Только когда его легкие закричали в знак протеста и горло начало конвульсивно содрогаться, он сглотнул. Через секунду он смог дышать.
Парень жадно глотал воздух, но его счастье «я буду жить» рассыпалось на мелкие кусочки, когда он осознал, что проглотил. Те таблетки затуманивали мозг Эйдена и вводили души в оцепенение, две вещи, которые он ненавидел. Две вещи, которые ненавидели они. Более того, ему нужно было сохранять ясность ума сегодня. Он должен был… Гематоэнцефалический барьер был сломлен почти мгновенно, и головокружение накрыло его.
Туман, которого он боялся, появился перед глазами, он сгущался и нарастал, путая мысли.
— Простите, — удалось ему прохрипеть, его челюсть снова заработала. — Мне так жаль.
Первым затих Джулиан, затем Калеб и последним Элайджа, который твердо боролся за то, чтобы его услышали. «Я нужен тебе, Эйден. Сегодня… сегодня…»
Даже Томас, который стоял за доктором Хеннесси и яростно смотрел на Эйдена, начал дрожать и мерцать, от него остались только контуры, словно он был там и в то же время не был.
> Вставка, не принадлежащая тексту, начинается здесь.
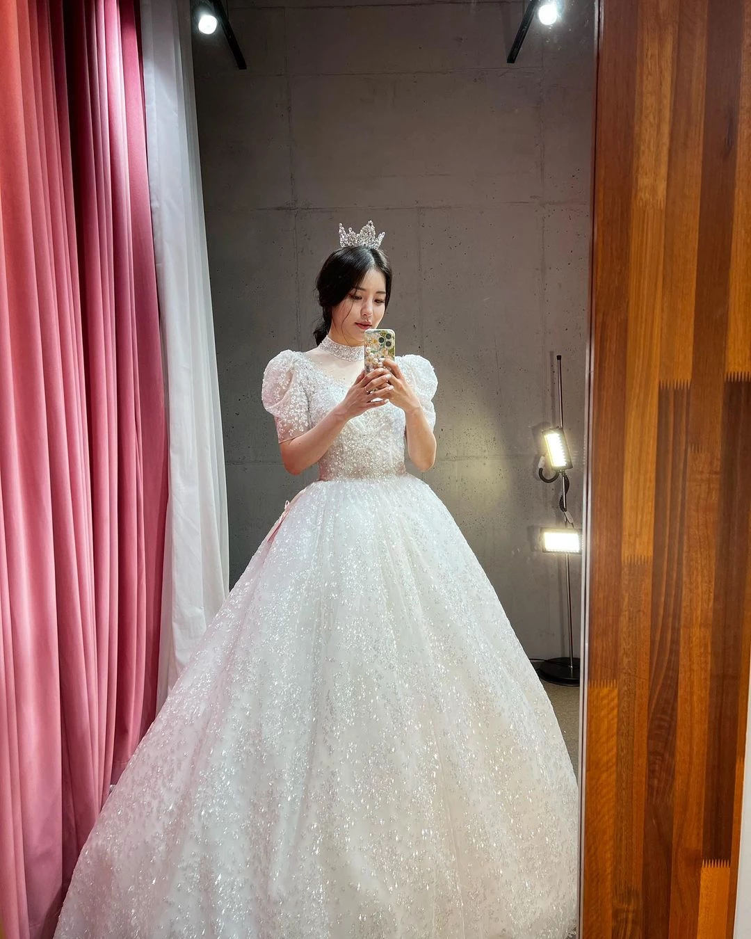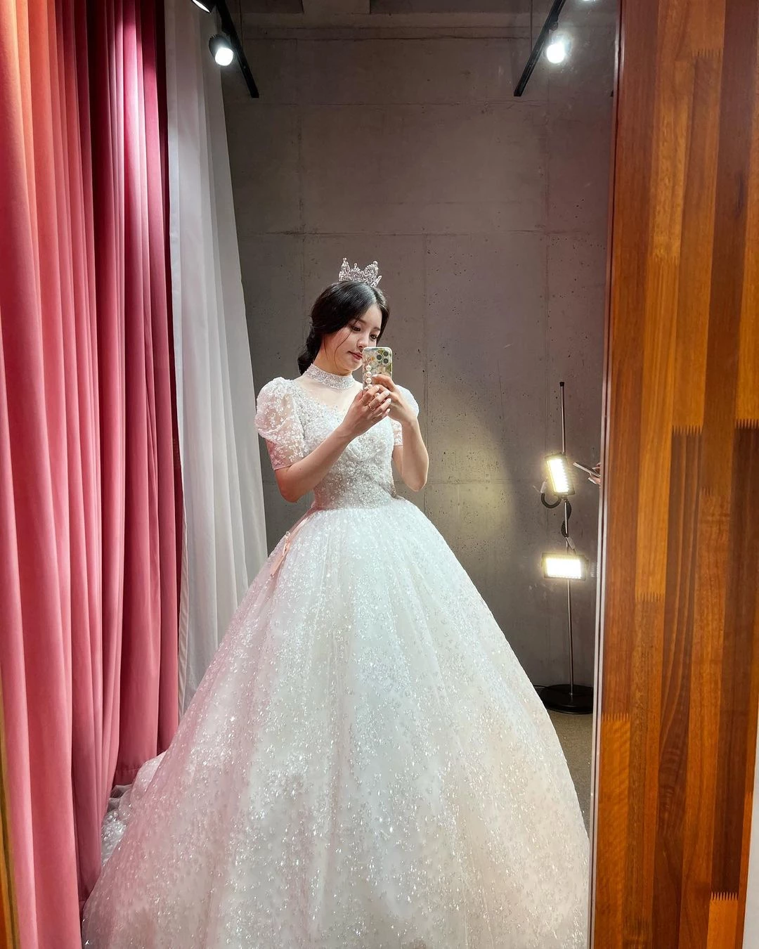 티아라를 쓴 그의 청순하면서도 사랑스러운 분위기가 시선을 사로잡는다.

— Пусть зайдет ко мне завтра утром, — говорил доктор Хеннесси Дэну, выпрямляясь и потирая руки от хорошо проделанной работы. — Первым же делом.
Дэн скрестил руки на своей массивной груди. Раньше он был профессиональным футболистом, высоким, широким, со своими бледными волосами и темными глазами он выглядел абсолютно угрожающим.
— Он ходит в школу. Если ему будет лучше, я думаю, он пойдет туда. Он всегда быстро берет себя в руки.
— Он может пропустить один день.
— На самом деле, не может. Его учеба столь же важна, как и терапия.
Эйден хотел сказать «спасибо», но не дал слететь слову с губ. Не было причин привлекать внимание или невольно признавать, что он понимал, о чем была речь. Дэн заботился о здешних парнях, действительно заботился. Даже об Эйдене, это доказывала его настойчивость.
— Я привезу его сразу же после школы, — продолжил Дэн. — Как вам такая мысль?
— Я настоятельно рекомендую вам пересмотреть свое решение. Этому парнишке нельзя находиться в школе среди нормальных детей. Я мог бы взять на себя его…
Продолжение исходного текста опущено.